- _WHAT THE TASK REQUIRES_: Please, from the entries below, transcribe exactly the lines that begin at the line with "Antique Ship Plan" and end at the line with "Agate et perles", without the pictures.

- _INPUT FOR THIS TASK_:

___

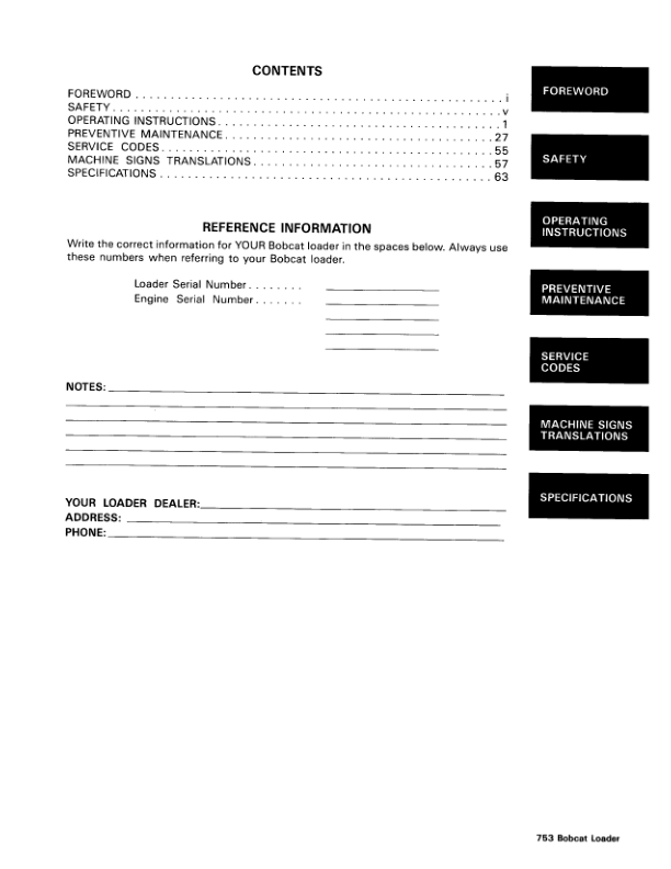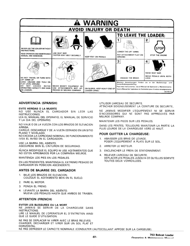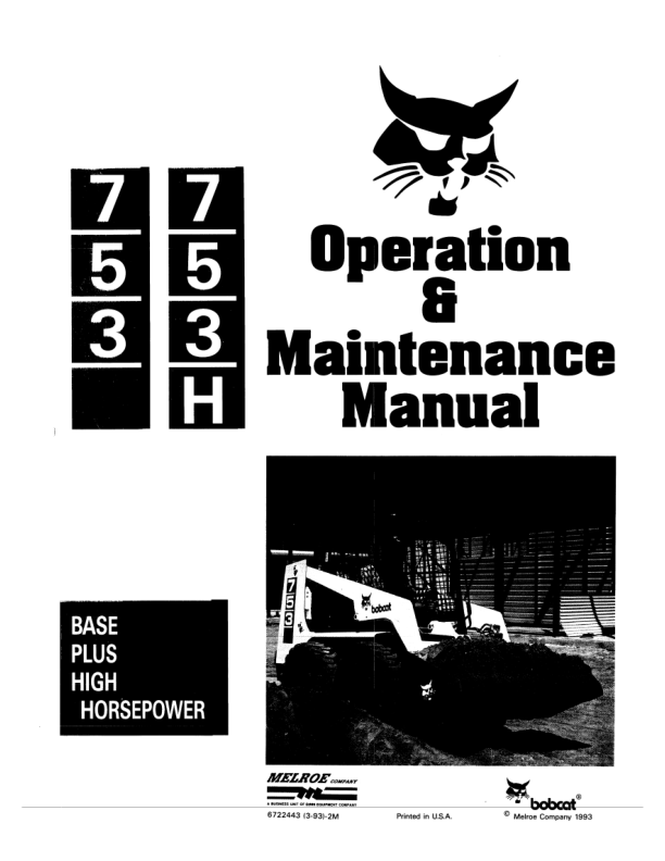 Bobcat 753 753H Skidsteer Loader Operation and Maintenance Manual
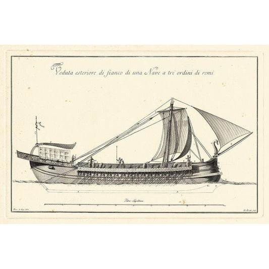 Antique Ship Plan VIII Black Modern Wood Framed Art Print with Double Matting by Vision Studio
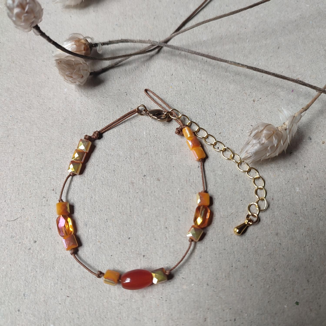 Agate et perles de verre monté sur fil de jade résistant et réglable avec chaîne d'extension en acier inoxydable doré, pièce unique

___

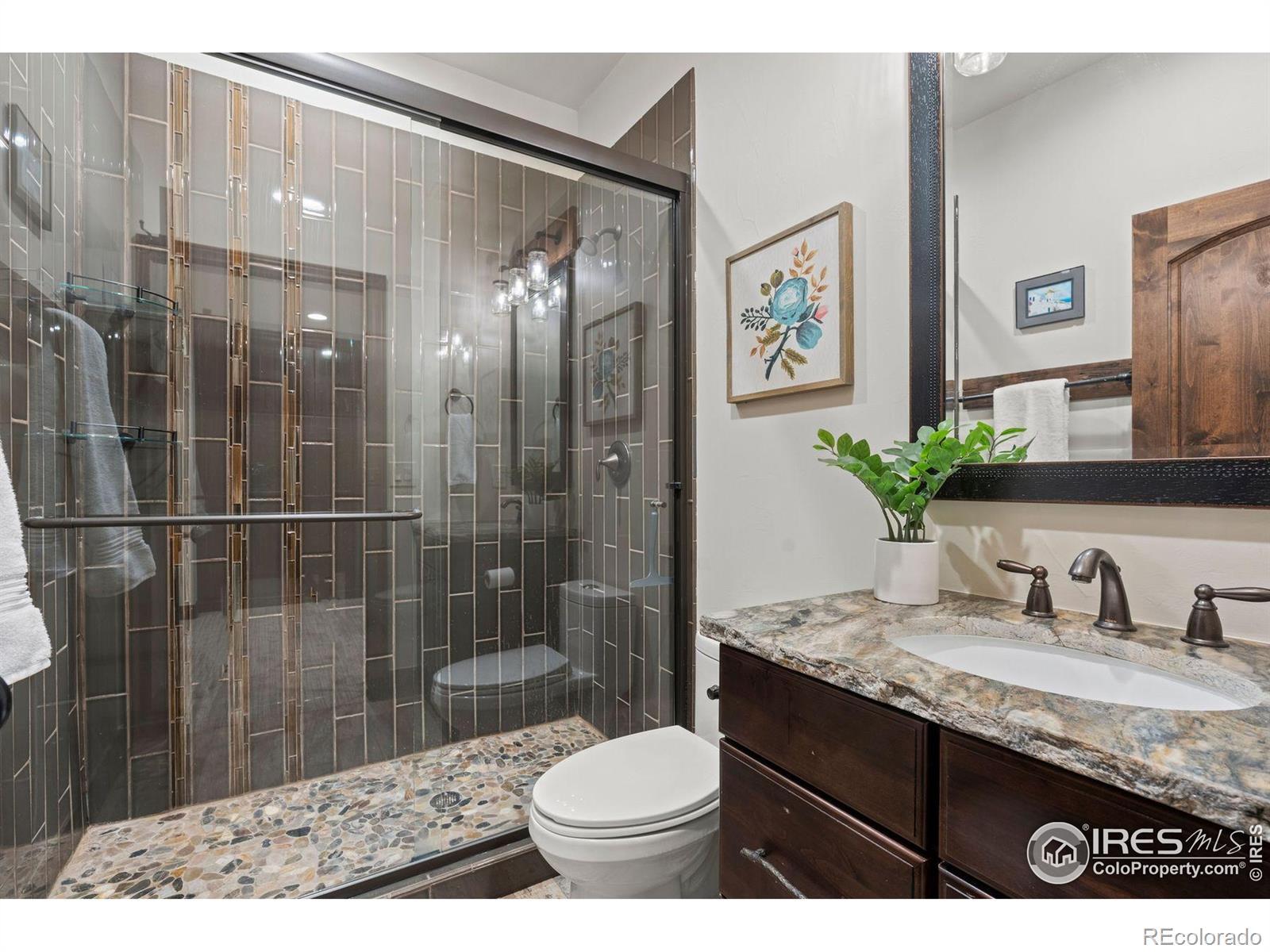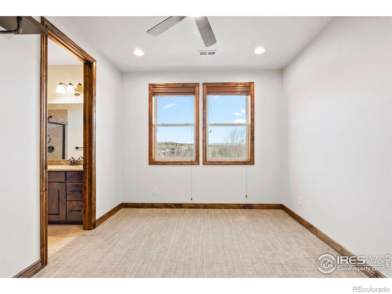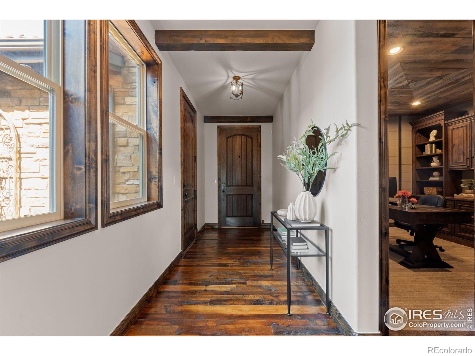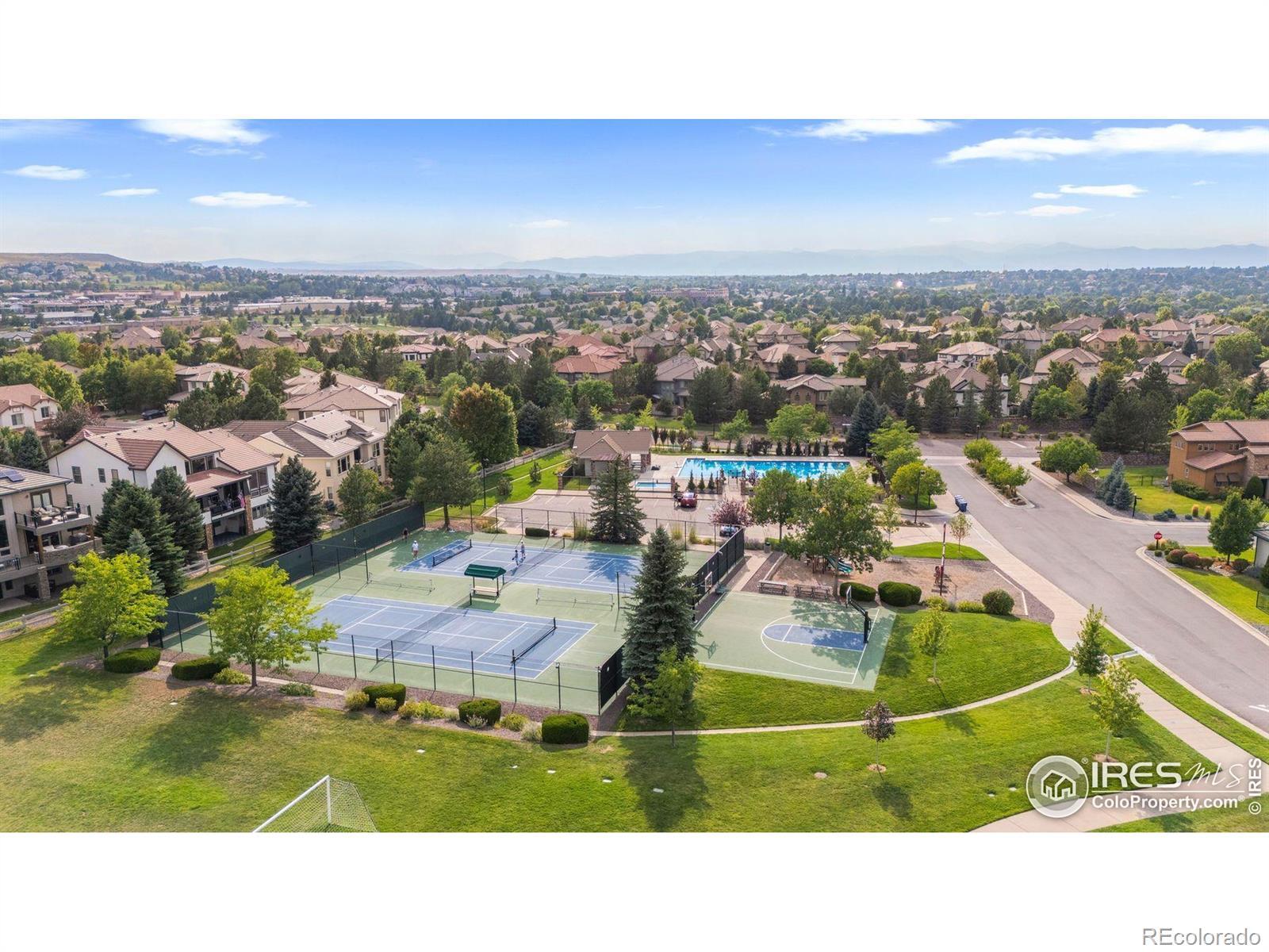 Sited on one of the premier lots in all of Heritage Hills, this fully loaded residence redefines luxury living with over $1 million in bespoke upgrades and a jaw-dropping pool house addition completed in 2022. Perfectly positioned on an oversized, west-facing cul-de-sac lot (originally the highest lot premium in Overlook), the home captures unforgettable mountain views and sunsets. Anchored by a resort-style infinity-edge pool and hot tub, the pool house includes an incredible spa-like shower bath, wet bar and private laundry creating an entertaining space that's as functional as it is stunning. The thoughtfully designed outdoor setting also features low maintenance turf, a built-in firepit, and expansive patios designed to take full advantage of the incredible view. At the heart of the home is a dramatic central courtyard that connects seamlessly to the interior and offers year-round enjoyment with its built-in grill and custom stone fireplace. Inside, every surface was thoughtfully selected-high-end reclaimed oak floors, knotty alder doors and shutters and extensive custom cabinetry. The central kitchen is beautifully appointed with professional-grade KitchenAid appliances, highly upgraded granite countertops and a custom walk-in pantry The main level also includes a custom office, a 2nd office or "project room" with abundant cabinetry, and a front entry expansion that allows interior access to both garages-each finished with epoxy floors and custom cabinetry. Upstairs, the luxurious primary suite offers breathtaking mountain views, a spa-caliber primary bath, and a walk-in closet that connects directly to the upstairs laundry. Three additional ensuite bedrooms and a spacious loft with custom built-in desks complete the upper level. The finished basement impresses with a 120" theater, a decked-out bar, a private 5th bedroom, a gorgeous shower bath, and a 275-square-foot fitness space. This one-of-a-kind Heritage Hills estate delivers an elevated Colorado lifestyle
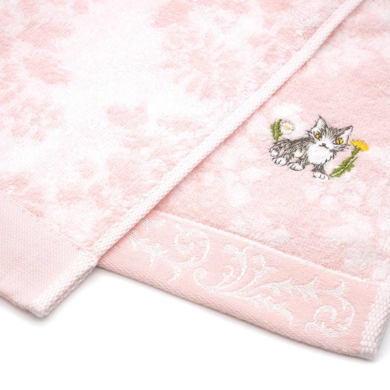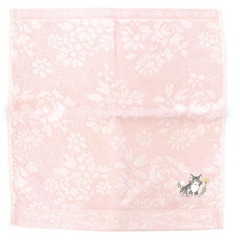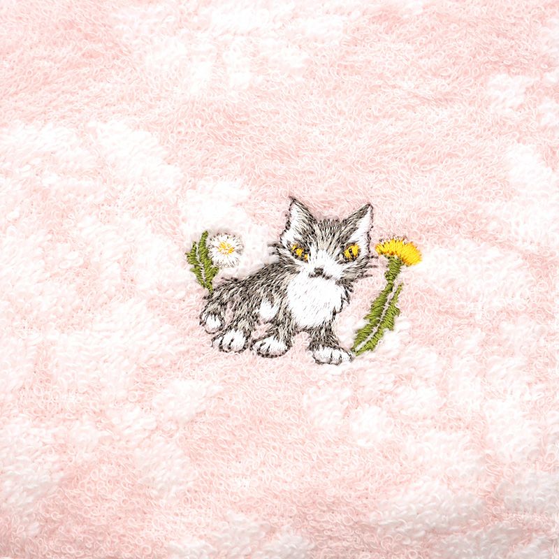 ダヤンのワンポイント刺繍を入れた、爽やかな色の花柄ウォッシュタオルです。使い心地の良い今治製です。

___

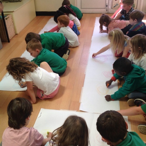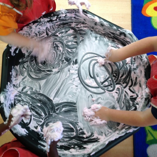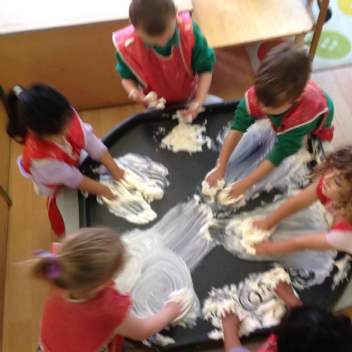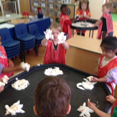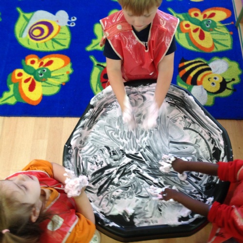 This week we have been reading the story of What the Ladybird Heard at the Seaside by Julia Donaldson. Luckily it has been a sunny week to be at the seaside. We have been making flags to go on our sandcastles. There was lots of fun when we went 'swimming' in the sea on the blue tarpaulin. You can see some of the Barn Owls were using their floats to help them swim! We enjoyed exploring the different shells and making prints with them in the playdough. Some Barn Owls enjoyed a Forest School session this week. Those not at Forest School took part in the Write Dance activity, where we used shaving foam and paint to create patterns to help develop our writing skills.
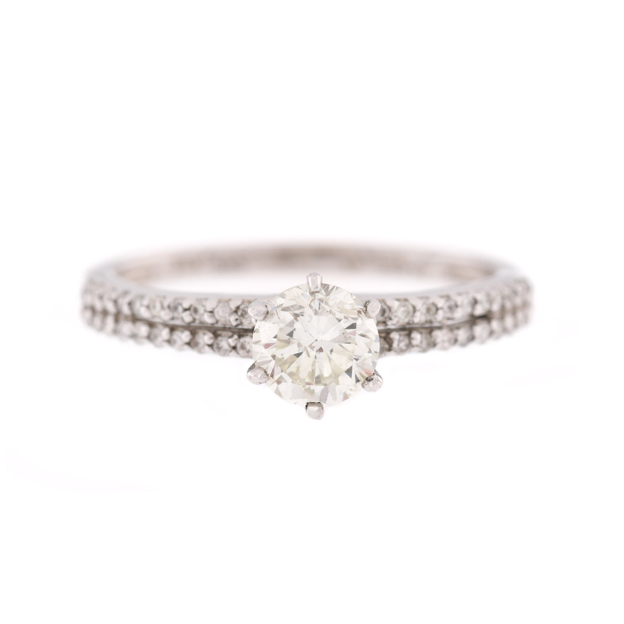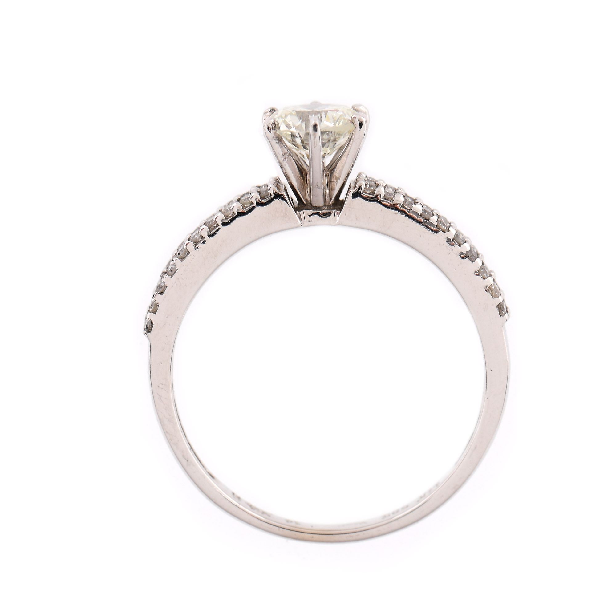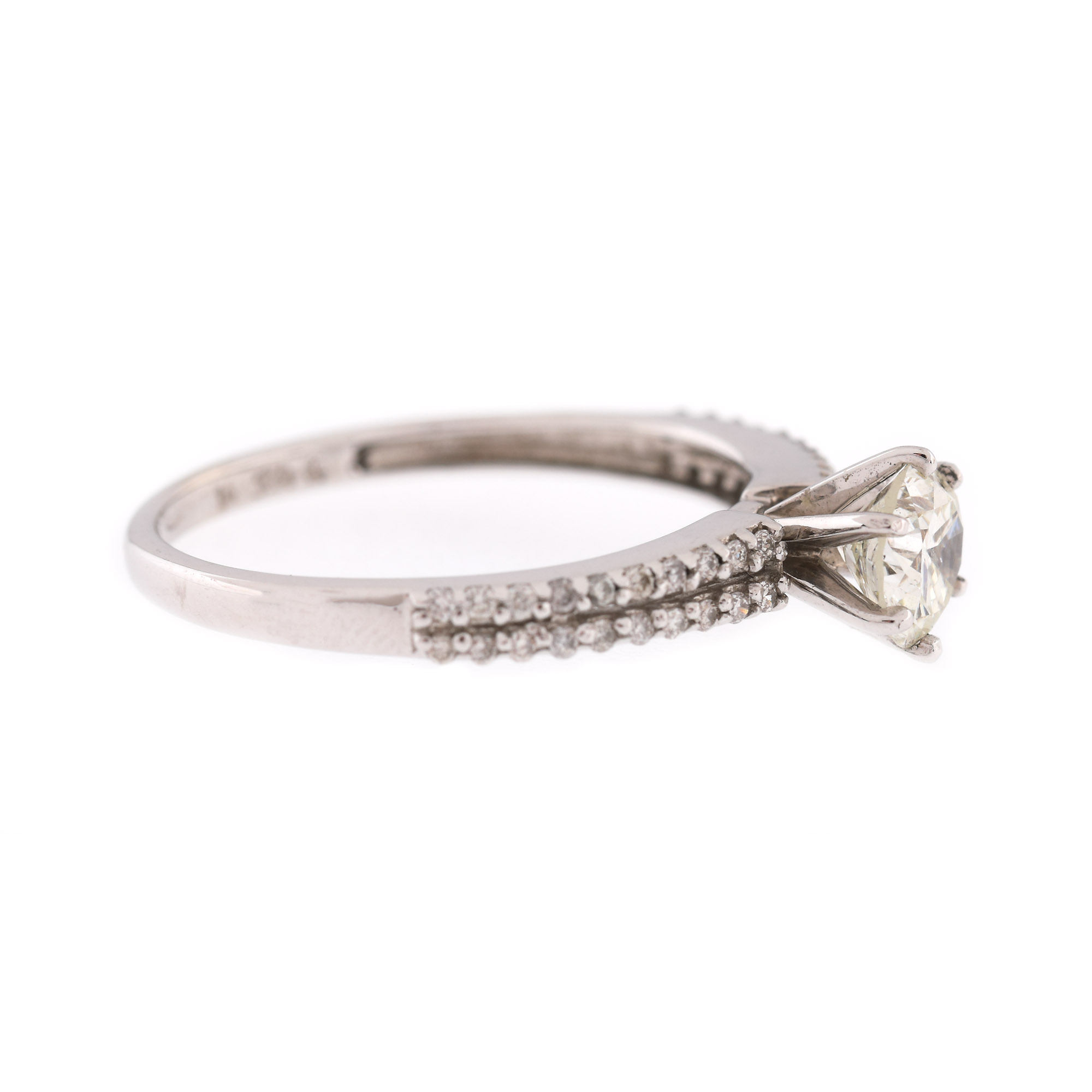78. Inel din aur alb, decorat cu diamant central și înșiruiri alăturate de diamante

___

- _RESPONSE AREA_:
 Antique Ship Plan VIII Black Modern Wood Framed Art Print with Double Matting by Vision Studio
 Agate et perles de verre monté sur fil de jade résistant et réglable avec chaîne d'extension en acier inoxydable doré, pièce unique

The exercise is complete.